If someone had been trading for a long time and consistently took small position presumably due to lack of confidence in their edge, if they one day went balls deep in a company, i would be inclined to believe that there was some substance to it - and expect it to be pretty unlikely that the position carried the potential for financial ruin.

The worst traders are probably going to be throwing hail marys from day 1.
12-10-2017 , 01:15 AM
Quote:
Originally Posted by jb514
I'm not really talking about smaller or larger, more so consistency. My main problem is with people who are varying size wildly based on untested theories. Trading big is fine and probably optimal if you do so consistently. But if you trade big consistently, then you're just trading your normal size.
You mean untested theories about the size of their edge, or theories about hedging for risk?

Betting the same size for large edges as for small is a pretty clear mistake.
12-10-2017 , 01:18 AM
abbadabadu, he means ev divided by expected variance.
12-10-2017 , 01:39 AM
Quote:
Originally Posted by jb514
I'm not really talking about smaller or larger, more so consistency.
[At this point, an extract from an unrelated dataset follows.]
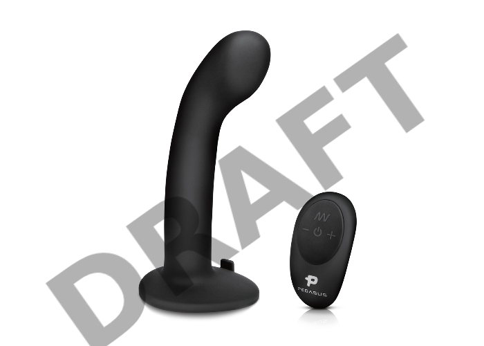 Черный вибрострапон с загнутой головкой Pegasus с пультом ДУ - 15 см.

My main problem is with people who are varying size wildly based on untested theories. Trading big is fine and probably optimal if you do so consistently. But if you trade big consistently, then you're just trading your normal size.
Do you consider it possible that risk is somewhat discernible, and can vary by trade?

Do you bet the same on your merger arbs as you do on your short pump and dump nano cap bio?